DATASET RECORDS section start

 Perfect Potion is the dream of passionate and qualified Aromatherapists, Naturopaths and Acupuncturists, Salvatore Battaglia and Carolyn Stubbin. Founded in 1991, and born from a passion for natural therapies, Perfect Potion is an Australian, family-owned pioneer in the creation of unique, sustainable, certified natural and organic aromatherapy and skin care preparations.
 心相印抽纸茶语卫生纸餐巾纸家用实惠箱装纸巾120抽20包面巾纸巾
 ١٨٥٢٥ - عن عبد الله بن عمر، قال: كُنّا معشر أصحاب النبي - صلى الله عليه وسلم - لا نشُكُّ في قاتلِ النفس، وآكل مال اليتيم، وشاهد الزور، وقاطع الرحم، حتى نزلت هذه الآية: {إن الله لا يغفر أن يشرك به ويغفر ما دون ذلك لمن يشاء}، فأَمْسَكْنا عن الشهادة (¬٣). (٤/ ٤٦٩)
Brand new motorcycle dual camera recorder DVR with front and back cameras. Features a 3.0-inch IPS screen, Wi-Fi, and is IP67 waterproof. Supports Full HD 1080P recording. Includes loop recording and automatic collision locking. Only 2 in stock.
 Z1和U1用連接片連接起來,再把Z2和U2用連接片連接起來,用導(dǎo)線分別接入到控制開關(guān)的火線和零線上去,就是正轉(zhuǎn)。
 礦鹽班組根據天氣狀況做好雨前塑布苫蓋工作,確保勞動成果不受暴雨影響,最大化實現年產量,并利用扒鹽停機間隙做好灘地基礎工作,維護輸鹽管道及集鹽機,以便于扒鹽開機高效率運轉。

DATASET RECORDS section end

EXERCISE AIM: From the first line of the data through the line with "١٨٥٢٥ - عن عبد", quote each line exactly and add nothing else.

EXPECTED OUTPUT:
 Perfect Potion is the dream of passionate and qualified Aromatherapists, Naturopaths and Acupuncturists, Salvatore Battaglia and Carolyn Stubbin. Founded in 1991, and born from a passion for natural therapies, Perfect Potion is an Australian, family-owned pioneer in the creation of unique, sustainable, certified natural and organic aromatherapy and skin care preparations.
 心相印抽纸茶语卫生纸餐巾纸家用实惠箱装纸巾120抽20包面巾纸巾
 ١٨٥٢٥ - عن عبد الله بن عمر، قال: كُنّا معشر أصحاب النبي - صلى الله عليه وسلم - لا نشُكُّ في قاتلِ النفس، وآكل مال اليتيم، وشاهد الزور، وقاطع الرحم، حتى نزلت هذه الآية: {إن الله لا يغفر أن يشرك به ويغفر ما دون ذلك لمن يشاء}، فأَمْسَكْنا عن الشهادة (¬٣). (٤/ ٤٦٩)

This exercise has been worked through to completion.